Проходит день за днём, но нескончаем он,
Сон разума, рождающий чудовищ.

Ты вечно был овцой, гонимой на убой,
Вся жизнь твоя прошла в сплошном хмельном угаре.
Тобой, Сомнамбулой, авантюрист любой
Манипулирует, как доктор Калигари.

Но утро близится, в дорогу торопя,
И пахнут чабрецом просторы полевые.
Неужто можно разбудить тебя,
Лишь скопом веки приподняв, как Вию?

Распелись петухи по всей Руси святой,
И ветры перемен сулит бюро погоды.
Но тяжко дремлешь ты, надежды и невзгоды,
И старые грехи забыв в дремоте той.

То молишься во сне поверженным богам,
То ждёшь от новых идолов подачки.
Боюсь, что никаким на свете петухам
Не пробудить тебя от вековечной спячки!
  1988

ДЕНЬ ГНЕВА

(фрагмент)
  "... пришёл великий день гнева Его,
  и кто может устоять?"
    Откровение св. Иоанна Богослова; 6, 17

Как кокон из чёрного шёлка, нас ночь оплела,
Бессонная ночь подведения скорбных итогов.
Одну безысходность сулит нам земная дорога,
и в прах обращаются наши слова и дела.

Мы в высь устремлялись, но слепо блуждали во мгле.
Какие таланты мы в землю бездумно зарыли!
А жизнь продолжается, что бы там ни говорили
и что б ни творили мы с вами на грешной земле.

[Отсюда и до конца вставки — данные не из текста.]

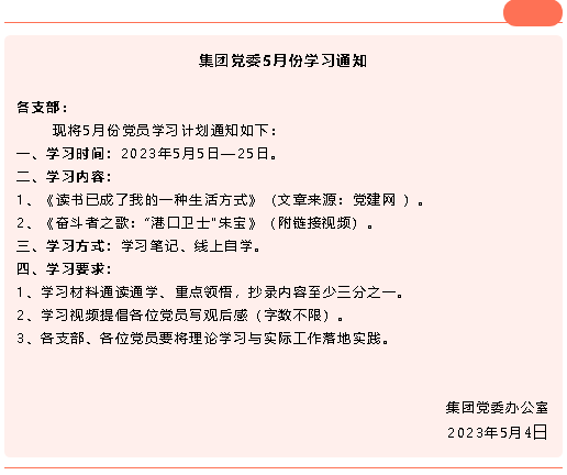 【通知】集團黨委5月份學(xué)習(xí)通知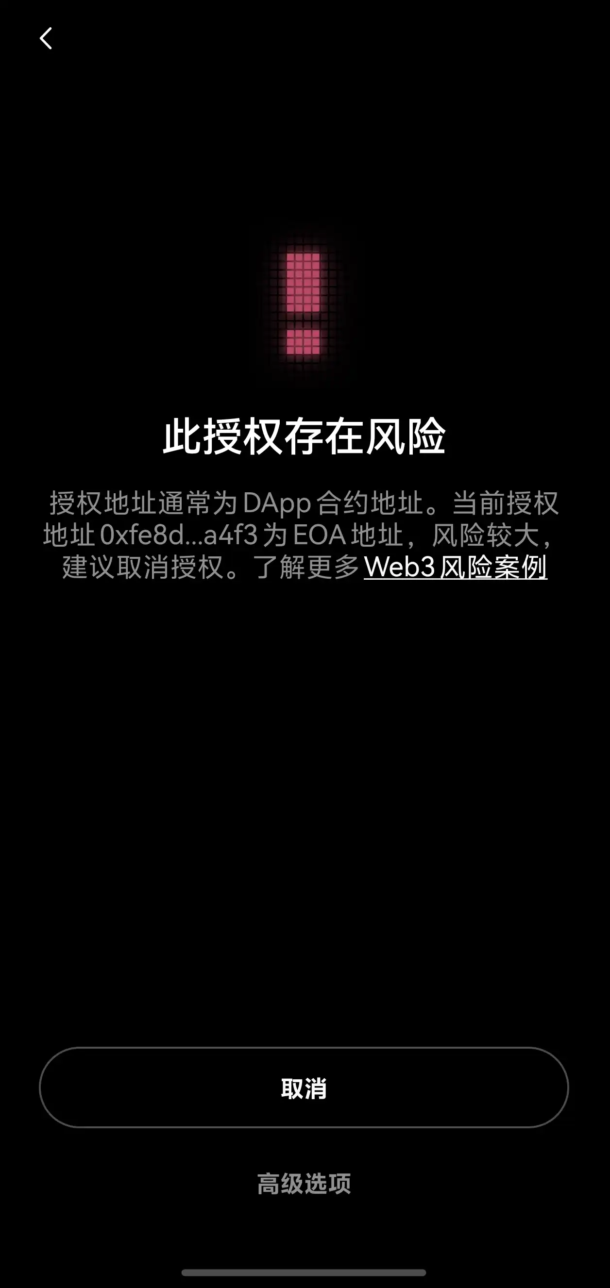 我们在进行授权操作时,通常授权对象应该是 DApp 的智能合约,而非 EOA 账户。如果授权给 EOA 账户,那么这意味着把我们的钱包授权给了另外一个钱包/人,大概率会导致资产风险。当我尝试授权给 EOA 账户时,OKX Web3 钱包会发出告警,提醒我仔细检查授权对象,避免因信任错误的对象而导致资产损失。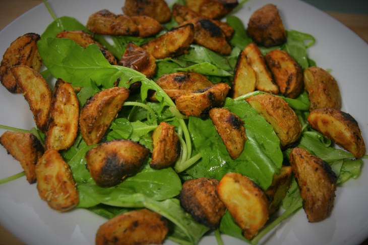 Crispy potatoes with spices and a tender arugula … this is a tasty mixture for an easy and quick to make salad!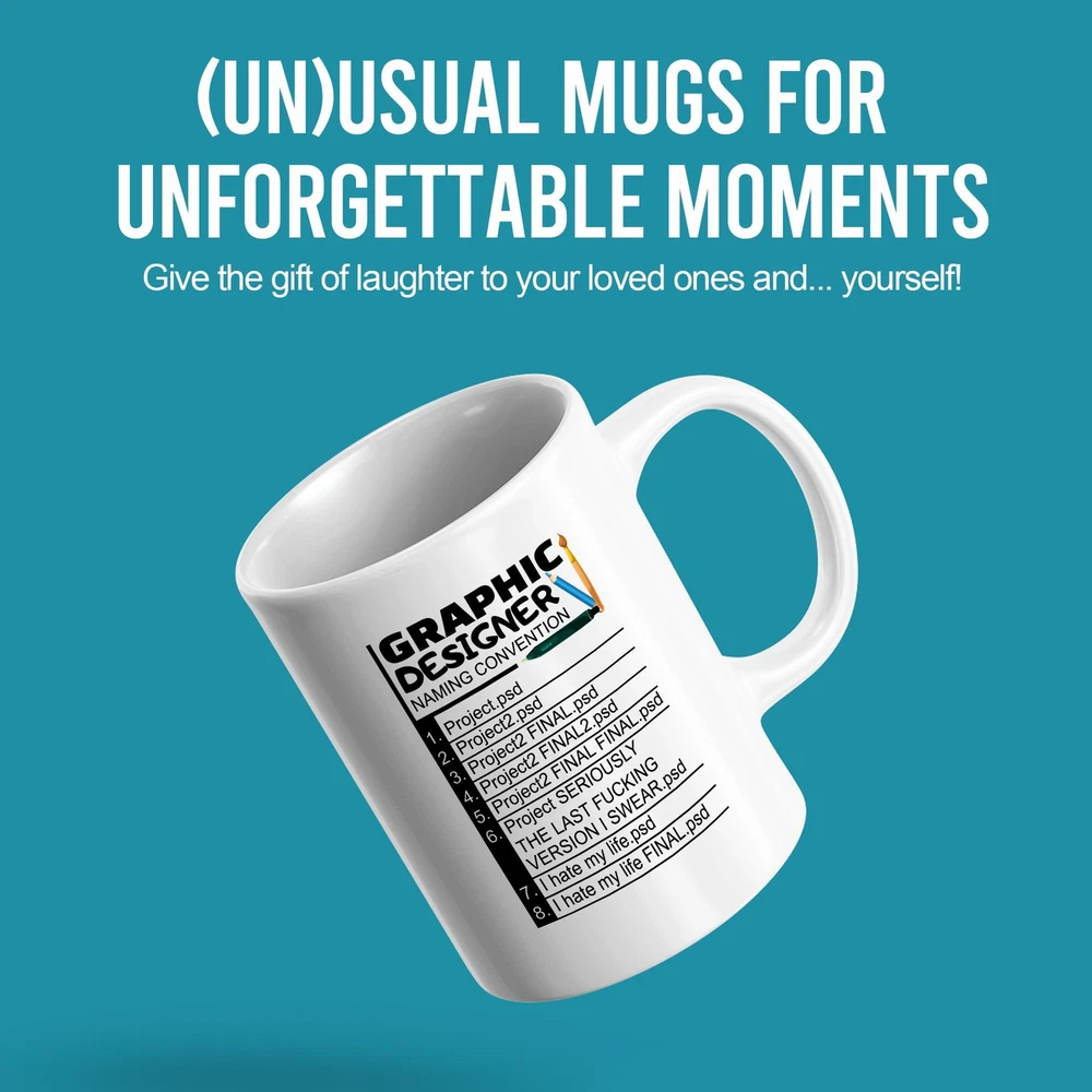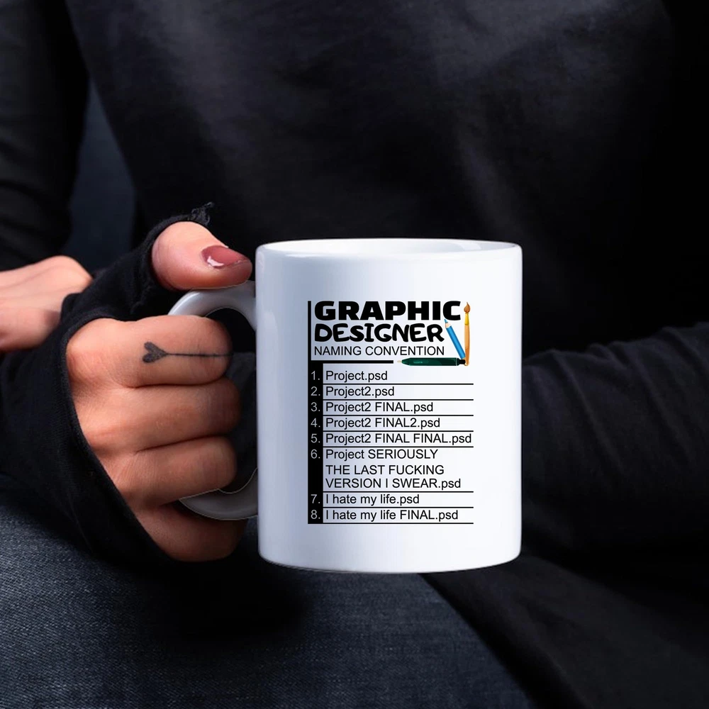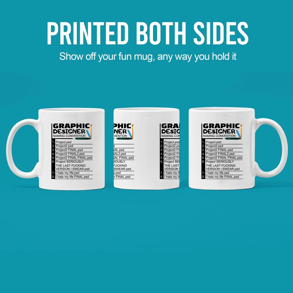 Start your day with your every morning brewed coffee, tea or any favorite drinks in this novelty mug. This unique mug can be used at school, libraries, reading rooms, workplaces, home. This high quality 11oz. ceramic white mug has a premium hard coat that provides crisp and vibrant color reproduction sure to last for years. Perfect for all hot and cold beverages. THERE'S ALWAYS ONE MORE 'FINAL' VERSION TO GO: Are you a graphic designer who knows the pain of endless edits and file versions? Do you find yourself constantly renaming your files like 'final final' or 'really final this time'? Then this mug is for you! A perfect gift for artists who know all too well the struggle of editing and naming their files until the project is just right. So, let everyone know that when it comes to naming conventions, you're the king/queen of the endless iterations! PREMIUM COFFEE MUG: This high-quality ceramic mug has a premium hard coat that provides crisp and vibrant color reproduction sure to last for years. Printed on both sides for either left or right-handed person so the awesome message and art will be visible. High-gloss and has a premium finish that can make you enjoy your drink more. Can also be used as pen holders on your office work table, planter for your kitchen herb, jewelry holder, or serving your favorite dessert. RELATABLE HUMOROUS QUOTE: Why settle for a boring old mug when you can have this one-of-a-kind drinkware on your dining, kitchen, or work table? Bring a smile to your loved ones' faces with this hilarious mug. Featuring a witty and relatable quote, this mug is sure to brighten anyone's day. Whether you're enjoying your morning coffee or taking a well-deserved break at work, this mug is the perfect pick-me-up. A conversation starter, it's also a surefire way to lift anyone's mood. HILARIOUS AND QUIRKY GIFT: It's not just the functional aspects that make this mug stand out. Its humorous design is what makes it a truly special and memorable gift. Whether it's to celebrate birthdays, anniversaries, graduation, holidays, retirement, Christmas, or any special milestone that occurs in life, this mug is sure to bring a smile to their face and some laughter to their day. The perfect present for anyone who loves a good laugh! DISHWASHER AND MICROWAVE SAFE: These fantastic drinking mugs can go straight in the dishwasher, all day every day, meaning it can save you time, and be more hygienic. Perfect for your favorite hot or cold beverages. Easily reheat that coffee or tea you forgot to drink right away because it is microwave safe. Saves you time, is very convenient, and is perfect for your busy lifestyle.

Но снимет Господь с древней книги шестую печать -
низвергнутся звёзды, а небо, как свиток, свернётся,
луна окровавится, пеплом подёрнется солнце,
и хрупкие чаши сердец переполнит печаль.

День гнева придёт - кто сумеет тогда избежать
расплаты за то, что он век свой неправедно прожил?
Мы выпьем вино неминуемой ярости Божьей,
и станет нас серп, как колосья созревшие, жать.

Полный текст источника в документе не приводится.